The campaign is supported by police, and is backed by their protocol for reporting, investigating and prosecuting offences that could cause injury or damage. Such offences include:
- cars being driven on pavements, or ‘too close and so endangering Biffa crews’;
- cars hitting Biffa vehicles, crews or bins, regardless of whether injury or damage are caused; and
- threatening, abusive or insulting behaviour towards Biffa staff.
The Environment Services Association (ESA), a trade association for the waste and resource management sector – of which Biffa is a member – also supports the protocol. The ESA hope that the protocol will become a model that other waste management companies and police forces can draw on when tackling this issue.
‘Let the crews do their jobs’
Commenting on the Wirral campaign, Biffa Business Manager, Gary Robinson said: “My crews are only trying to do their job. That’s what local residents want and expect them to do. All we’re asking for is some consideration by other road users. Our vehicles don’t hold up traffic for long, and drivers are usually soon on their way, so it really isn’t necessary to get impatient, frustrated or angry.”

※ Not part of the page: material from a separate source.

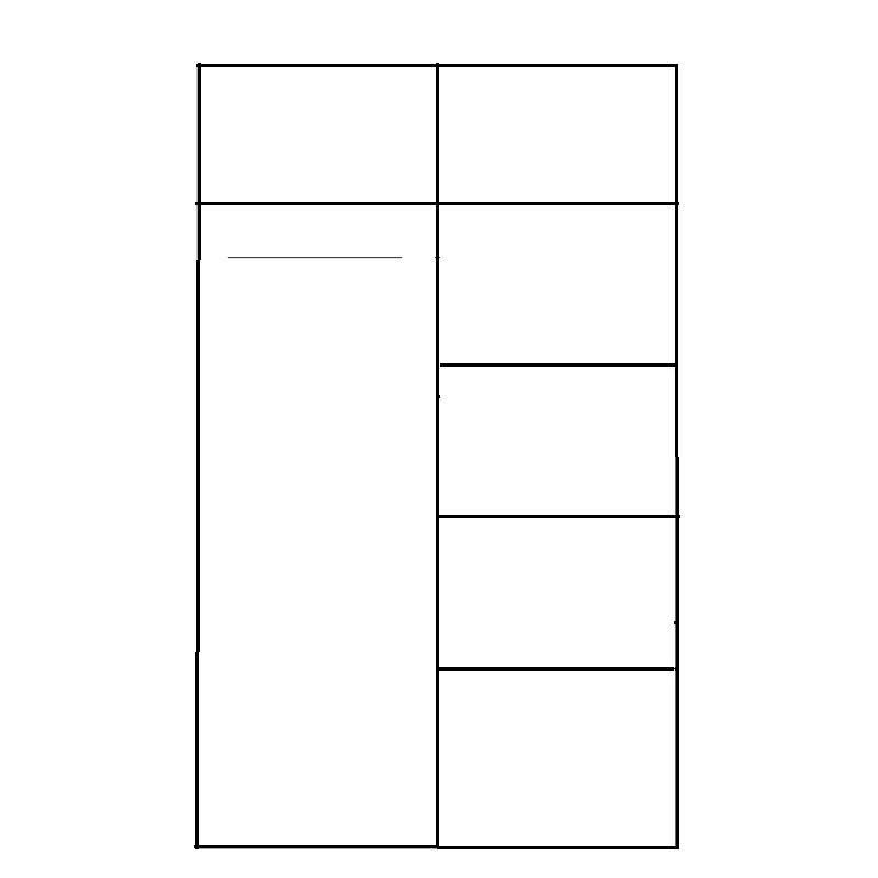 Skříň dvoudvéřová kombinovaná, polovina skříně je šatní a polovina je policová.

Saying that drivers wouldn’t, and shouldn’t, behave in an 'irresponsible' way if a bus was dropping off schoolchildren or the elderly, he added: “So why should they when Biffa workers are out doing their important job?”
Cabinet Member for Environment and Sustainability for Wirral Borough Council, Brian Kenny, added: “The crews are out five days a week, often in horrible weather, picking up rubbish and recycling from our doorsteps.

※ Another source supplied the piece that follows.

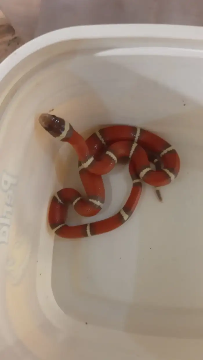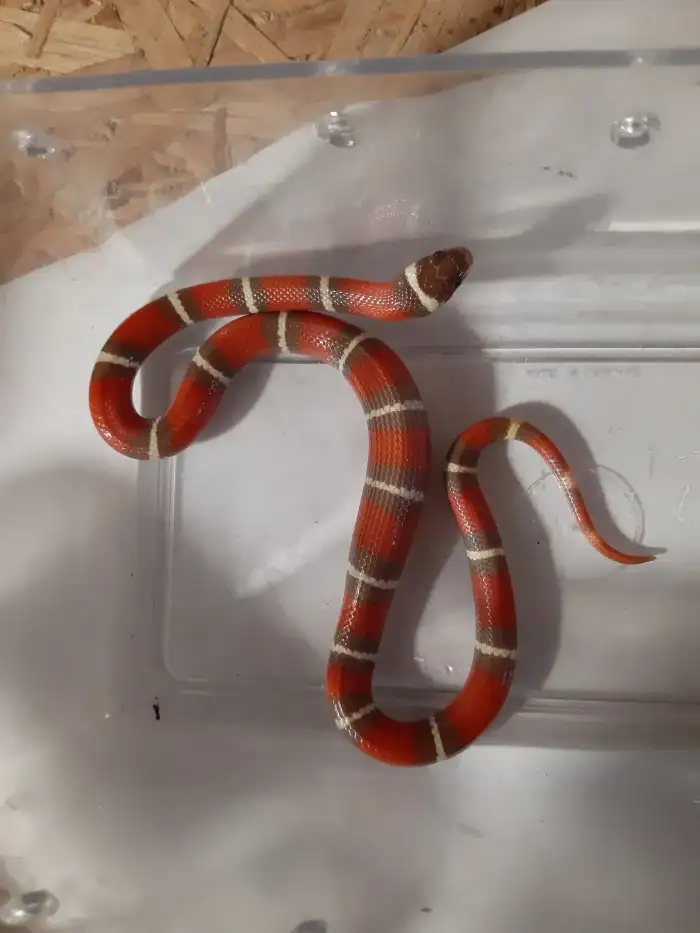 Prodám Korálovku sedlatou - Prodám Korálovku Sedlatou, pohlaví neurčeno. Prcek s milou povahou. Prodám společně s teráriem (60x45x45). Cena: 2000,-, osobní odběr v Praze.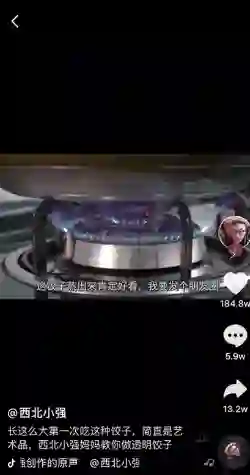 「西北小强」拍摄了妈妈做透明饺子的过程,他形容这种饺子为“艺术品”,该视频一天新增播放3778万,获赞184.8万。

“We try to make sure that they collect at the most convenient time and we always try to avoid busy roads and areas around schools at rush hour, whenever we can. But sometimes traffic can get held up, so all we’re asking is for people to stay calm, let the crews do their jobs, and they’ll soon be on their way.”

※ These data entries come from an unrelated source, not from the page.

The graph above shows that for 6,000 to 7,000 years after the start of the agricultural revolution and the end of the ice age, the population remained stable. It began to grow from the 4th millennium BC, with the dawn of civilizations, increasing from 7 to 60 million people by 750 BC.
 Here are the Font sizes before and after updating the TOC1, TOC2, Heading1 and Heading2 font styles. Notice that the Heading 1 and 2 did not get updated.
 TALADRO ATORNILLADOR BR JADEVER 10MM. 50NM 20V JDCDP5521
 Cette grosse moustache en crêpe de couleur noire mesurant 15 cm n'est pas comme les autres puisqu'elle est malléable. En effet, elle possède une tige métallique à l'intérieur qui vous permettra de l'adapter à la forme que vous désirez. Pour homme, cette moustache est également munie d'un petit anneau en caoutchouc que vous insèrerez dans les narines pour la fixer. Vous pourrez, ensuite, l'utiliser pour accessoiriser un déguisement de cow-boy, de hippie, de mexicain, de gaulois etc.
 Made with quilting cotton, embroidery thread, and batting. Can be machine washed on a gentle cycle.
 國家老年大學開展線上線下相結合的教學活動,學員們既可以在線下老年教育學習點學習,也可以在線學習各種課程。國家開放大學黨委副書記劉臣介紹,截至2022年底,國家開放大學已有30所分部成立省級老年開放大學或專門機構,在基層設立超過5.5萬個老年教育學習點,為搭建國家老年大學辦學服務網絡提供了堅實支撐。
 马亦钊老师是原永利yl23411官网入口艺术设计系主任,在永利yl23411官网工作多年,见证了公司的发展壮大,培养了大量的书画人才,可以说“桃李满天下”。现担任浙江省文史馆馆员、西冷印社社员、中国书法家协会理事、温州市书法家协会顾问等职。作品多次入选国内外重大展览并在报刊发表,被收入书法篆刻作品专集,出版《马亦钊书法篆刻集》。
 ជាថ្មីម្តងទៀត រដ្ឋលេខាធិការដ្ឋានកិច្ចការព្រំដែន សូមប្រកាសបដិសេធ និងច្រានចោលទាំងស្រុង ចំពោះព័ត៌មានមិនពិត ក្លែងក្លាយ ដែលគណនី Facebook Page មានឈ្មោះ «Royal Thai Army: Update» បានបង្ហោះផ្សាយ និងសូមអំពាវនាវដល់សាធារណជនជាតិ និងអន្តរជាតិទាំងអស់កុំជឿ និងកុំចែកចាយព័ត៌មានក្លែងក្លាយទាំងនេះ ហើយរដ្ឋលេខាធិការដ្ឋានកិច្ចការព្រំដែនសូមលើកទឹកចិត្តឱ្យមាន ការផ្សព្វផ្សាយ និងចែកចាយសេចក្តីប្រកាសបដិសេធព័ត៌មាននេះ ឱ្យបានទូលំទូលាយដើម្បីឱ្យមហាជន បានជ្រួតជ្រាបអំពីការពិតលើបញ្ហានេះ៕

Any incidents will be reported formally to local police and offenders could face fines, community service or court prosecution.
Chief Inspector of Merseyside Police, Nick Gunatilleke, said: "Refuse and recycling crews perform a valuable and necessary public service. We urge all motorists to be considerate and make sure that they give workers and their vehicles plenty of space to do their job.
"Reducing road casualties is a top priority for Merseyside Police and this initiative reflects our concern.”